OnApplicationPause: This is called at the end of the frame where the pause is detected, effectively between the normal frame updates. One extra frame will be issued after OnApplicationPause is called to allow the game to show graphics that indicate the paused state.
Awake: This function is always called before any Start functions and also just after a prefab is instantiated. (If a GameObject is in-active during start up Awake is not called until it is made active, or a function in any script attached to it is called.)
Doesn’t this mean that all awakes should be called before anything else and when objects are instantiated the system would call OnApplicationPause on startup?
OnApplicatonPause occurs when the application is suspended/resumed, it has no relation to instantiating or activating (in-active) objects or startup functions.
Ok, this make sense but for a method behaviour to be called first a game object must be in the scene using it. So, an instance of the object containing the behaviour would have been instantiated previously and awake is called right after the object is instantiated. On the other hand unity is not multithreaded, so, how is it possible that I receive OnApplicationPause when awake has not been called?.
This thoughts can be a bit naive, but it is what I understand from all I read and your answer. I would really apreciate that someone could clarify this.
OnApplicationPause is a system-level event, so it’s always broadcast when the application is “paused”. Whether anyone is listening (i.e. an active script on an active gameobject) is only important if you need to catch it. A case of “if a tree falls in a forest and there is no-one there to hear it, does it make any sound?”

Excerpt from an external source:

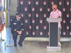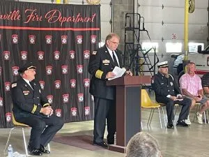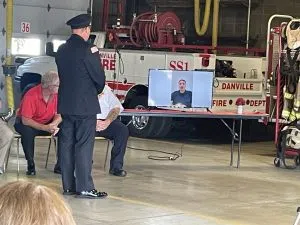 Danville’s Fire Station 3 on Griffin Street was the scene for Wednesday morning’s (Sept 17th) special “walk-out” ceremony for the retiring Captain Neil Yelenick. Before it began, Captain Yelenick admitted that YES, he first wanted to be a firefighter after watching NBC’s “Emergency,” on Saturday nights back in the 70s.

To use it you’d have something like:
void OnApplicationPause(bool paused)
{
Debug.Log("APP PAUSED: "+ paused); // prints APP PAUSED: True when paused
if(!paused)
{
Debug.Log("RESUMING...");
}
}
Place this on any active script and it will be called on each one when you click away from Unity and back in Play mode.
Just to be clear, it’s not a method or function you’d call, you simply listen for it. It’s invoked automatically by the application when it loses focus and the application is forced to suspend itself, and when it regains focus. On iOS for example this would happen when you press the home button - not sure how it works with desktop and webplayer builds, but I’d assume it’s called if the application doesn’t have “Run In Background” set to true and it loses focus.